Advantage of multi steps ODE methods over single step methods I wanna know what's the advantage of multi step ODE methods such as Adams-Bashforth over ordinary single step methods such Runge–Kutta, accuracy/time wise.
 A: The main advantage of explicit multistep methods compared to explicit Runge-Kutta lies in the fact that adding additional steps/function evaluations results (for reasonable multi-step) always in increase of the order of accuracy.
The classic examples thereof include the (explicit) Adams-Bashforth family, for which the the order of consistency $p$ is equal to the number of steps $k$ and the (explicit) Nyström methods with $p=k, k > 2$. [1]
This is in stark contrast to explicit Runge-Kutta methods, for which the well-known Butcher-Barrier [2], [3] kicks in at order 5, which states for orders $p \geq 5$ one needs at least $s \geq p + 1$ stages. This is innocent looking, but until now, there is no 7'th order accurate method with 8 stages known - the best known method uses 9 stages. This seems to become more severe for higher orders, as the best currently 8'th order explicit RK method requires 11 stages [4].
Regarding implicit methods, the Butcher Barrier does not exist - in fact, there exist implicit methods with order $2s$ for all $s$ [5], [6], [1].
Implicit multistep methods are much less attractive given that they are, in contrast to many implicit Runge-Kutta methods, not A-stable for orders above 2 (Second Dahlquist barrier [7]) and the order of consistency scales for most methods (e.g. Adams-Moulton, Backwards-Differentiation-Formulas(BDF)) only with $k+1$ instead of $2k$ as for some RK methods [1].
These facts make them much less attractive compared to e.g. Gauss-Legendre methods.

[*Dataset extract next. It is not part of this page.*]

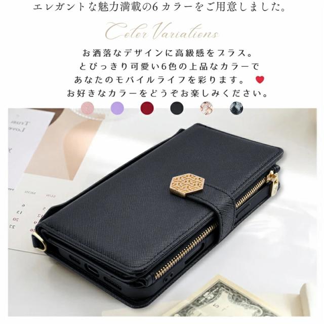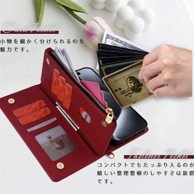 | 商品の特徴 | ショルダーストラップ付き、カードホルダー付き、スタンド機能、おしゃれなデザイン |

It should be mentioned that there are of course many more considerations that one could make, e.g. the domains of absolute stability of explicit multistep and Runge-Kutta methods, storage efficiency, ease of varying timesteps, internal stability properties, combination of explicit and implicit methods, and so on.
But all of this would go far beyond a MSE post. If you want to dive deep, consider the books by Hairer & Wanner [1], [9], the book by Butcher [4] or the one by Iserles [10].